Egypt Independent

What did Sadat do to Egyptian intellectuals?



Sadat inherited a heavy legacy from Nasser in 1970, including the 1967 defeat that led to the occupation of Sinai and an economic recession that frustrated the people, intellectuals and non-intellectuals. And it was not clear how the country would get out of this political and economic crisis.
 
Although Sadat did not have the leadership qualities that Nasser did, he was shrewd and cunning like no other president before or after him. His position regarding Egyptian intellectuals was different from Nasser's and Hosni Mubarak’s. None of them was an intellectual as such, but Nasser respected intellectuals more than the other two presidents. Although he was impatient to ideologies, he did not underestimate ideologists, for he knew how ideologies could form policies and the awareness of the people.
 
Nasser listened and contemplated a lot, but never paid much attention to small details, while Sadat prefered to sit with friends rather than talk with intellectuals. And Mubarak did not like to talk with intellectuals either because he had a hard time understanding what they said.
 
Among the heavy legacy that Sadat inherited were leftist intellectuals who believed the state should play a larger role in the economy, nationalists who were against Israel and the American domination and others who were in favor of Arab nationalism. So what did Sadat do to those when he decided to take a different path from Nasser’s in all these issues?
 
Although he often said that he was taking the same line as Nasser, Sadat did exactly the opposite, especially after the Egyptian army succeeded in crossing the Suez Canal in October 1973.
 
There was this joke at that time that Sadat was drawing the same line as Nasser but erased it with as he followed. For he did indeed deviate from the main four issues in Nasser’s line regarding the economic policy, the policies towards the Arabs, the relation with Israel and the relation with the United States.
 
Contrary to Nasser, Sadat adopted an open door policy and pulled the state out of the economy, placed Egypt’s interests before Arab nationalism, made peace with Israel before the Palestinians could have their lost rights back, and was totally dependent on the United States.
 
It was only natural for this sharp deviation to be resented by the majority of Egyptian intellectuals who believed in socialism and Arab nationalism and who were against peace with Israel and dependency on the United States.
 
Sadat dealt with those intellectuals aggressively and shrewdly. He described them with inappropriate expressions that neither Nasser nor Mubarak ever used. He called a certain prominent intellectual insane, said about another that he threw him in jail like a dog, described others as obnoxious and told them that democracy has fangs and that he would squash them all.
 
The crossing of the Suez Canal in 1973 did not appease the Egyptian intellectuals for long, for it soon became clear that the military gain was followed by serious political concessions, starting with the disengagement agreements to the reception of President Nixon as a hero, the successive attacks on the Arab States that he called dwarfs, the uncontrolled open door policy that did not protect Egyptian industries, and the signing of the peace treaty with Israel in 1979.
 
The Egyptian intellectuals seemed like they were struck by lightning and did not know what to do or where to go.

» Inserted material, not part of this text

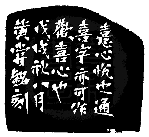 黃嘗銘.六十五歲/刻〔歡◎{上喜下心}〕長方白文印。邊款為【◎{上喜下心},心悅也。通喜字。亦可作歡喜心也。戊戌秋八月,黃嘗銘刻。】老撾石。自然頂。
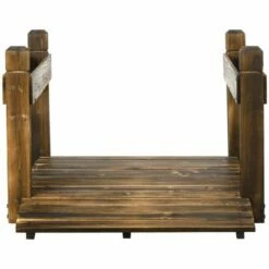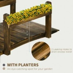 Outsunny 5ft Wooden Garden Bridge with Planters on Safety Railings – Brown – 844-618V00TN

Some of them went to Iraq, where they were welcomed by Saddam Hussein, some went to Kuwait, where they taught at universities, some went to Paris, where they were welcomed by the French socialists, and some went to London, where they worked for Gulf newspapers.
 
Yet travel was not an alternative for others who were too old or who insisted on continuing their struggle at home, whatever the consequences. Among them was Naguib Mahfouz, who had to use symbolism in his stories to the extent that they were almost turned into riddles, Yusuf Idris, who left literature and just wrote political articles because he felt he could not write stories and novels if his very house was burning, and Gamal Hamdan, who locked himself at home.
 
But others like Fathi Radwan and Helmy Murad wrote fiery articles that criticized the government policies in those four issues, while yet others like Adel Hussein and Hassan Hanafi chose to adopt the Islamic discourse and alter it into a leftist interpretation to criticise the government.
 
Sadat was only supported by intellectuals who shared his personal inclinations, such as Rashad Rushdie, who was said to have helped him write his autobiography “In Search of Identity,” Lotfy al-Kholy, an old leftist who saw in Sadat’s policies a wisdom that others did not see and praised him for what he called his “Political School,” and Sheikh Metwally al-Shaarawy, the Islamic preacher who interpreted religion in a way that was not inconsistent with the wishes of the ruler, even if it fomented sectarian strife.
 
Sadat's regime could have continued with the support of this type of intellectuals without fearing any danger from the rest. But during a visit to the United States in 1981, he began to feel that the American administration would stop supporting him and might even work on toppling him. 
 
And so he carried out unprecedented mass arrests of left-wing, right-wing, Muslim, Coptic, men and women intellectuals when he came back from that visit. Yet those famous September 1981 arrests did not last more than a few weeks because he was assassinated on 6 October 1981 and they were all released.
 
The new president received them in the presidential palace after their release, but the plight of the Egyptian intellectuals returned again a few months after he assumed office.